Leave out all pictures. Extract exactly the lines from the one containing "Yishi river in downtown Luotian" through the end of the data.
******************************
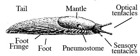 Parts of a slug
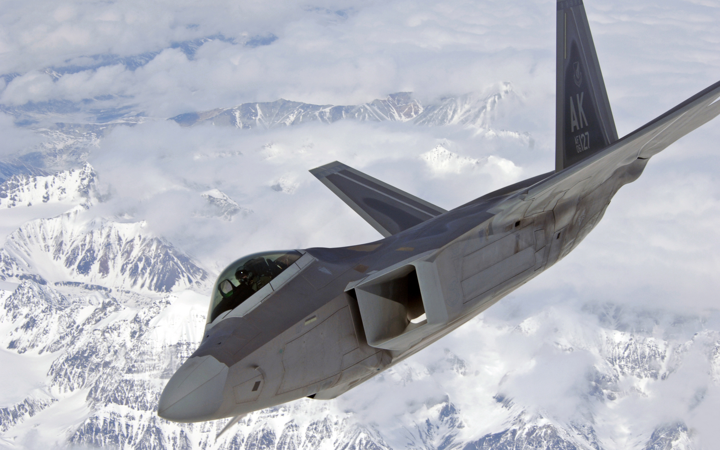 An F-22 Raptor breaks to the right over Alaska's rocky terrain during an in-flight refueling mission April 15, 2009.
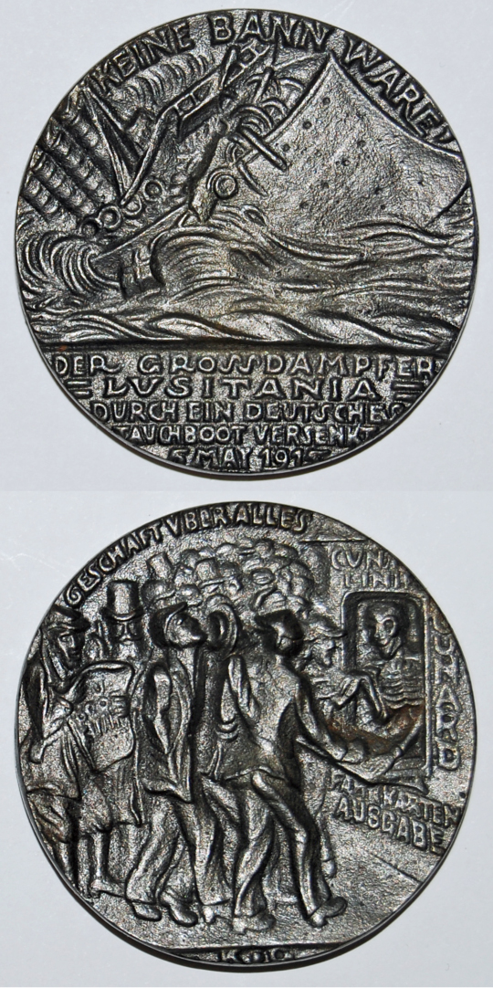 Photograph of an exact replica of the German "Lusitania" commemorative medal, showing both sides. The medal was produced in Britain as evidence of German propaganda concerning the sinking of the RMS Lusitania
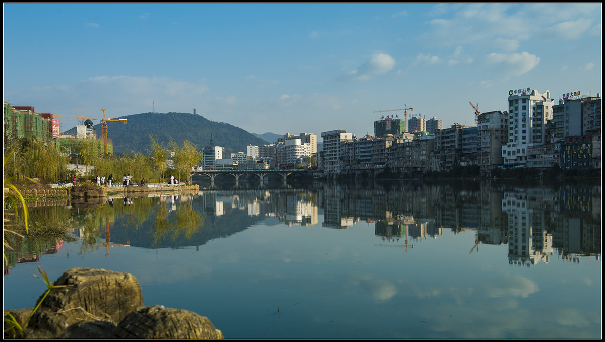 Yishi river in downtown Luotian
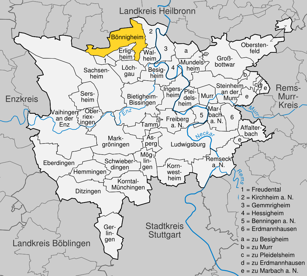 position of Bönnigheim within distict of Ludwigsburg, Baden-Württemberg, Germany
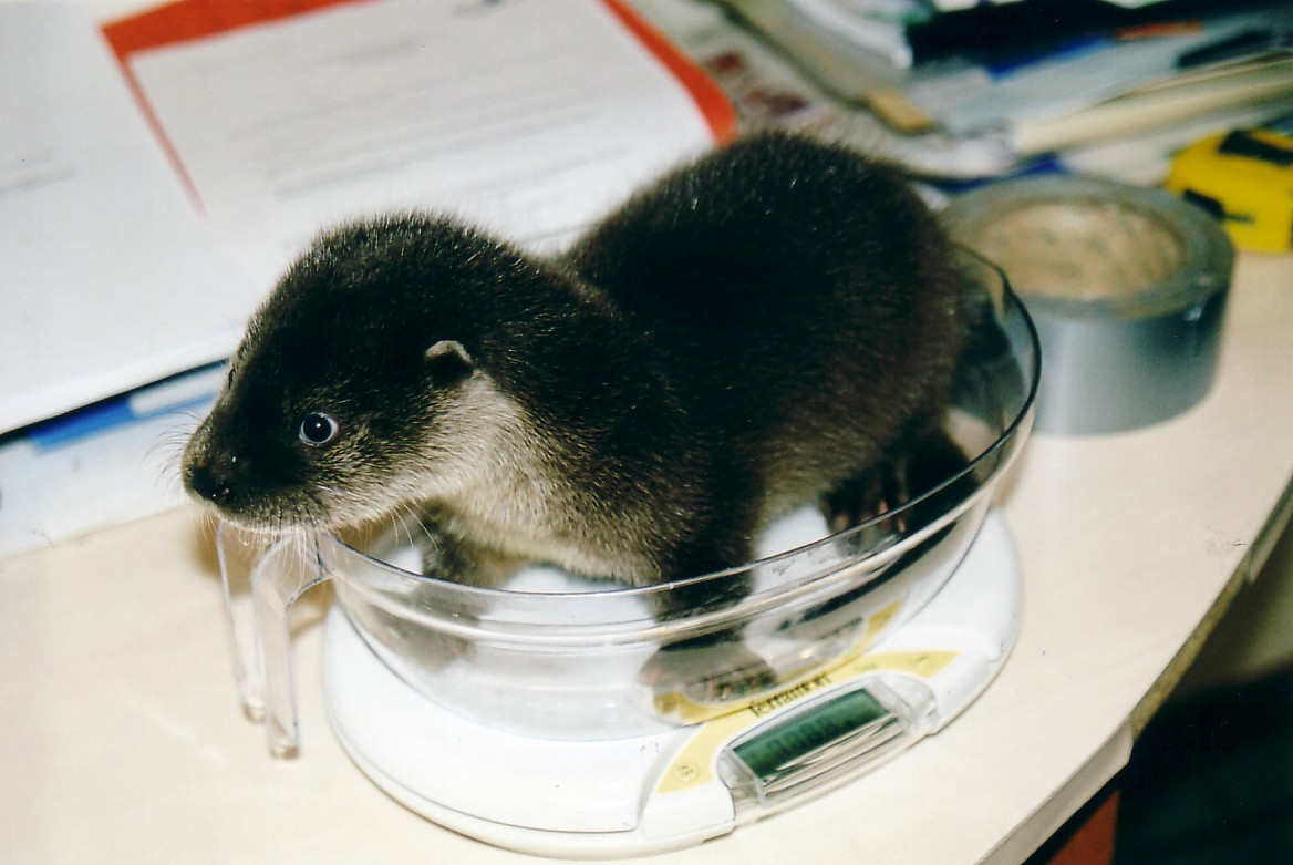 Otter cub
******************************
## Task response
 Yishi river in downtown Luotian
 position of Bönnigheim within distict of Ludwigsburg, Baden-Württemberg, Germany
 Otter cub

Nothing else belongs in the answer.